47 E, sobrevindo a tarde, estava o barco no meio do mar e ele, sozinho, em terra. Ao cair da tarde, o barco estava no meio do mar, e Jesus estava sozinho em terra.
48 E vendo que se fatigavam a remar, porque o vento lhes era contrário, perto da quarta vigília da noite aproximou-se deles, andando sobre o mar, e queria passar-lhes adiante. De madrugada, vendo que os discípulos remavam com dificuldade, porque o vento lhes era contrário, Jesus foi até onde eles estavam, andando sobre o mar; e queria passar adiante deles.
49 Mas, quando eles o viram andar sobre o mar, cuidaram que era um fantasma, e deram grandes gritos. Eles, porém, vendo-o andar sobre o mar, pensaram tratar-se de um fantasma e gritaram.
50 Porque todos o viam, e perturbaram-se; mas logo falou com eles, e disse-lhes: Tende bom ânimo; sou eu, não temais. Pois todos viram Jesus e ficaram apavorados. Mas Jesus imediatamente falou com eles e disse: — Coragem! Sou eu. Não tenham medo!
51 E subiu para o barco, para estar com eles, e o vento se aquietou; e entre si ficaram muito assombrados e maravilhados; Então subiu no barco para estar com eles, e o vento cessou. Ficaram totalmente perplexos,
52 Pois não tinham compreendido o milagre dos pães; antes o seu coração estava endurecido. porque não haviam compreendido o milagre dos pães, pois o coração deles estava endurecido.
53 E, quando já estavam no outro lado, dirigiram-se à terra de Genesaré, e ali atracaram. Estando já no outro lado, chegaram à terra de Genesaré, onde atracaram.

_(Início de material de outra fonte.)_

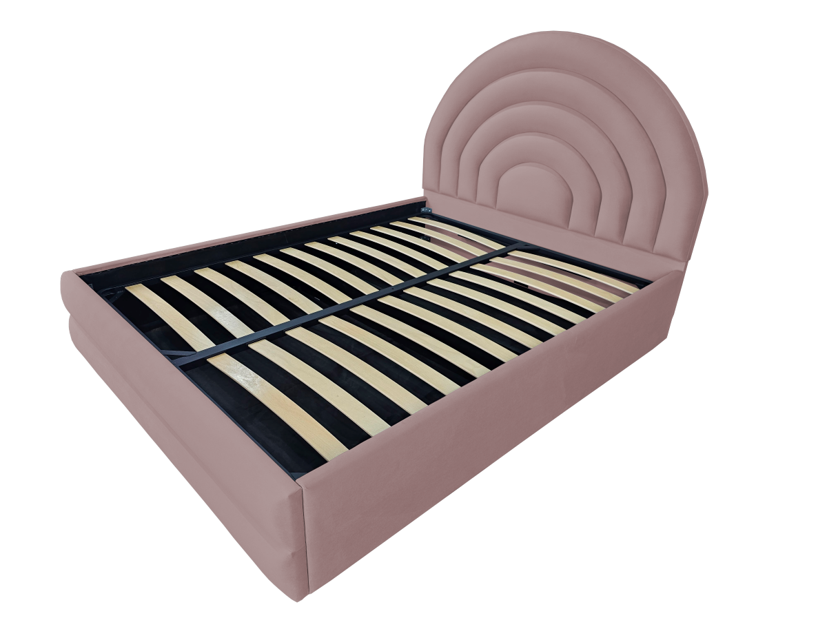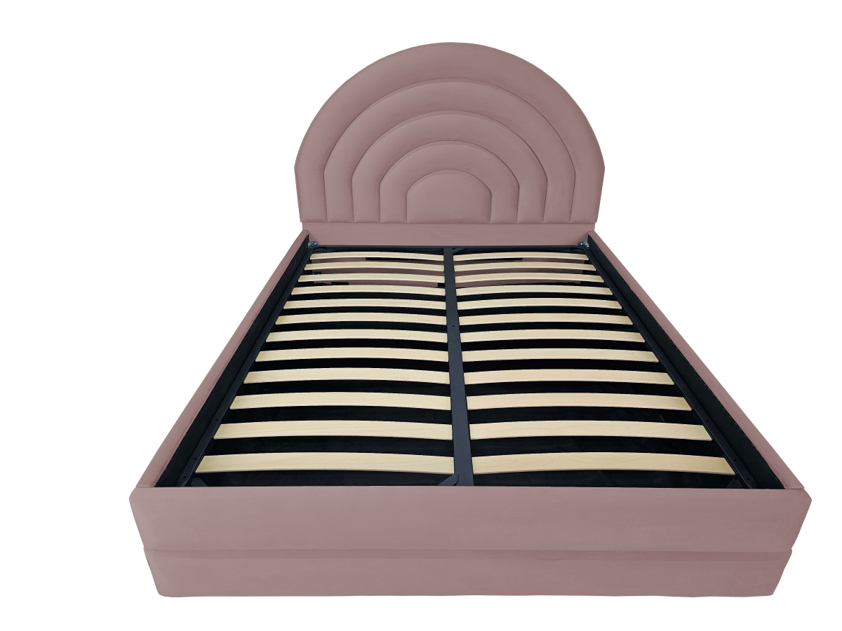 Pat tapitat Dome ,120x200cm,somiera metalica rabatabila,spatiu depozitare,roz prafuit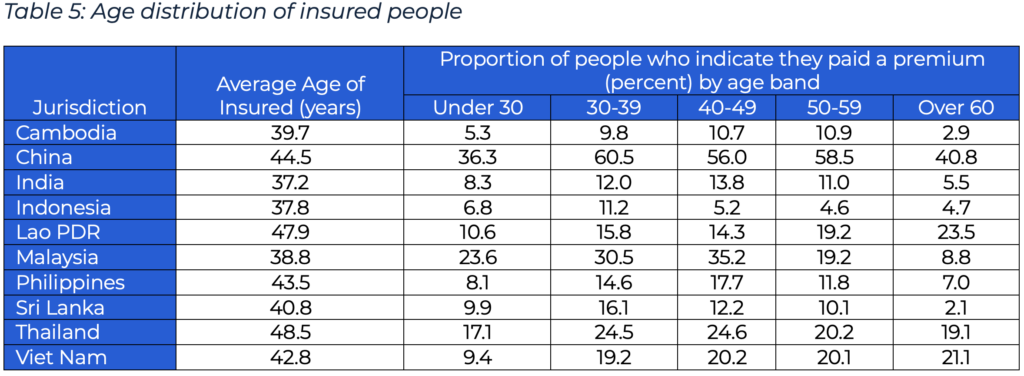 Information on the age profiles of insured people is valuable. The average age across countries varies, but it can be a feature of population age distributions. Within age groups, utilisation of insurance tends to be highest once people get to age 30 and, for older respondents, there is also a generally lower take-up (see Table 5). However, potential insurance solutions may vary considerably and contribute to the diverse results across countries. That said, this data point suggests that there is considerably deeper available data for insurance strategy and product development purposes in the data set, including by analysing age structure responses by sex or other characteristics.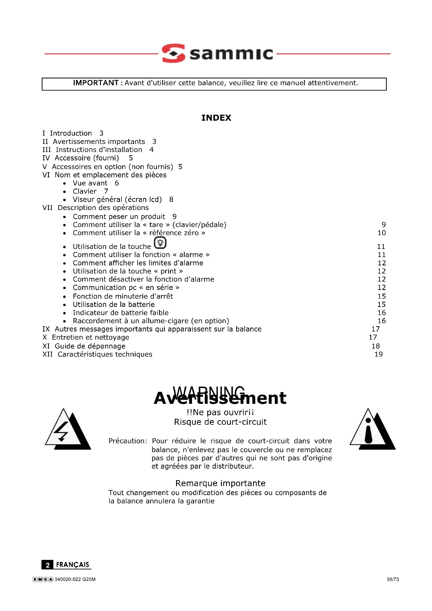 Avertissement !!Ne pas ouvrir¡¡ Risque de court-circuit Précaution: Pour réduire le risque de court-circuit dans votre balance, n'enlevez pas le couvercle ou ne remplacez pas de pièces par d'autres qui ne sont pas d'origine et agréées par le distributeur. Remarque importante Tout changement ou modification des pièces ou composants de la balance annulera la garantie 340020-022 G20M 38/73FRANÇAIS 3
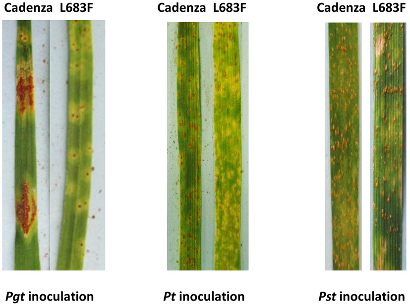 Reactions of the wild-type Cadenza and the TaMYC4 mutant L683F after inoculation with Puccinia graminis f. sp. tritici (Pgt), P. triticina (Pt) and P. striiformis f. sp. tritici (Pst) inoculation. Infection types (IT) of Cadenza: L683F in each pair of images were, Pgt (4: 1+), Pt (3: 2-;) and Pst (4: 3c) Photos of Pgt and Pst inoculated plants were taken 14 days post inoculation. Photos of Pt inoculated plants were taken 9 days post inoculation.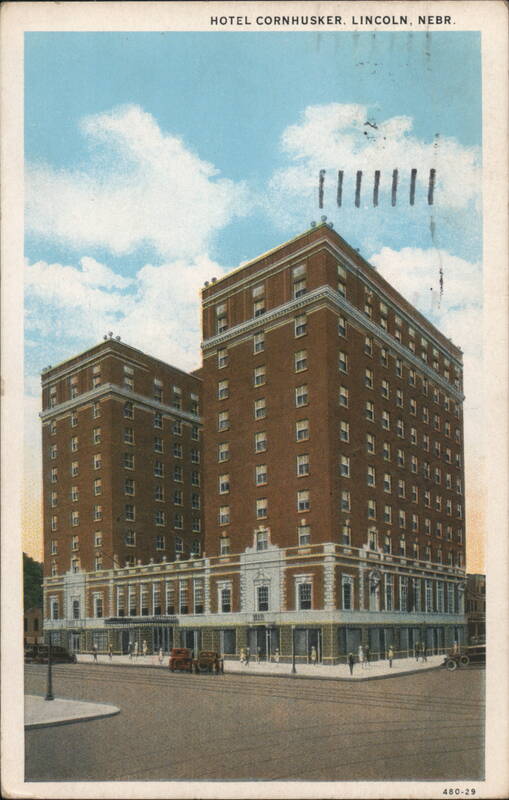 A view of the large, multi-story brick Hotel Cornhusker at a street corner. The building features an ornate two-story white base. Early 20th-century cars are parked and driving on the streets below a partly cloudy sky.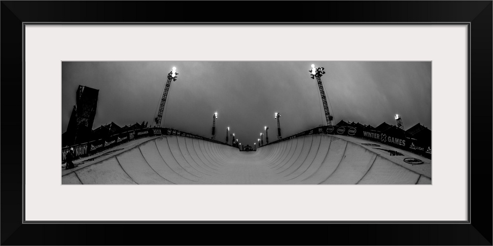 <p>Black and white panorama of the Halfpipe at the 2016 XGames at Aspen, Colorado.</p>

54 E, saindo eles do barco, logo o conheceram; Saindo eles do barco, o povo logo reconheceu Jesus.
55 E, correndo toda a terra em redor, começaram a trazer em leitos, aonde quer que sabiam que ele estava, os que se achavam enfermos. E eles, percorrendo toda aquela região, começaram a trazer em leitos os enfermos e os levavam para onde ouviam que ele estava.
56 E, onde quer que entrava, ou em cidade, ou aldeias, ou no campo, apresentavam os enfermos nas praças, e rogavam-lhe que os deixasse tocar ao menos na orla da sua roupa; e todos os que lhe tocavam saravam. Onde quer que ele entrasse, nas aldeias, cidades ou campos, punham os enfermos nas praças, pedindo-lhe que os deixasse tocar ao menos na borda da sua roupa. E todos os que tocavam nela ficavam curados.